Import this data set to R. Name this as you like, but later in these instructions we will refer to the imported R object as “population_data”. Use R to calculate the mean of the full population.
Give your TA the mean of your first sample and the mean of your population, for later full class use.
Question 1. Is the mean of your sample the same as the mean of the population as a whole? What about the standard deviation? Suggest reasons why the sample mean and the population mean might differ.
sample.int(n = 25, size = 5)
## [1] 4 8 15 11 5
This tells R to give us a set of 5 numbers randomly chosen from the integers 1 to 25. (When you run this line you will almost certainly get a different output. It is randomly choosing numbers, so we expect different answers each time.) Generate a set of 5 random numbers this way. Use these numbers to tell you which 5 shells to include in your sample.
Use R to calculate the mean of the shell lengths for these 5 shells in your random sample. The result is an estimate of the mean shell length in your population.
Make another random sample of 5 shells, and calculate the mean of this sample. Did you get a different number from the mean of the first sample? Why do you think the second sample mean is different from the first?
The estimates you obtained from your random samples in steps 10 and 12 are just two of many values that you might have obtained. By chance, each sample is likely to be different from other samples, with a different sample mean. The frequency distribution of estimates that you might obtain when sampling randomly from a population, and their probabilities of occurrence, is called the sampling distribution of the estimate. To explore the sampling distribution for the sample mean, let’s randomly sample from your population of shells several times. Each sample is going to have five shells, and we’ll calculate the mean of each sample.
In real life situations, you won’t have the whole population to work with, and you won’t be able to take many random samples. As a result, you won’t be able to glimpse the sampling distribution. But in this artificial scenario we can create multiple samples from our population to see what the sampling distribution might look like.
The function is called mean_from_a_sample, and it is in the script “LearningTheToolsWeek4.R”. Paste this full command into the R console and hit return. Make sure you copy the whole function, including the closing curly bracket }.
Call this function by entering
> mean_from_a_sample(population_data$length, sample_size = 5)
where “population_data” is the list of all the lengths of the shells from your population and 5 is the sample size. Running this will give you the mean length of a random sample of 5 shells.
sample_mean_length = rep(0,1000)
for(i in 1:1000) sample_mean_length[i] =
mean_from_a_sample(population_data$length,5)
This creates a vector called sample_mean_length and fills it with 1000 means of independent random samples.
Question 2. Describe the shape of this distribution. Does it resemble a normal distribution? Does every sample return the same value of the mean? Why, or why not?
Question 3. How does the mean of the distribution of sample means compare to the true mean of the population? Are they approximately equal? Are your the sample means unbiased estimates of the population mean?
Compare the mean of your first sample to the distribution of sample means obtained from the random samples. Is your first sample mean unusual in any way?
From your TA, get the list of the means from the first samples of each group, and the population means for each group. Load these data into a data frame in R.

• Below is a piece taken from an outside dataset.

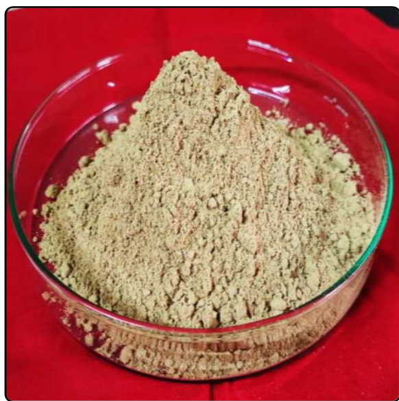
Sweet flag rhizome powder

In adoption of integrating traditional botanical knowledge with modern scientific methodologies this research aims to develop a dependable, affordable and eco-safe seed enhancement technology for field bean growing farmers. The approach will be particularly beneficial to small and marginal land holders in rainfed and resource-constrained regions of South India, where access to synthetic chemicals is limited. The outcome of this research is expected to contribute meaningfully towards improving field bean productivity, seed quality and post-harvest storage management in a sustainable manner. In Karnataka, where field bean is grown extensively as both an intercrop, sole crop under rainfed and irrigated conditions, there is a critical need for sustainable cost-effective seed storage solution. The increasing interest in botanical-based seed treatments offers a new avenue for utilizing Acorus calamus rhizome for enhancing growth parameters.

Create a new variable from the difference between a student group’s first sample mean and their population mean. Call this new variable “first_sample_error”. What is the average error of these first samples?
Question 4. Remember that these first samples were not necessarily random samples, unlike the other samples that we made today. Is there any pattern to the first samples that you think might result from this lack of randomness? If so, why might this have happened?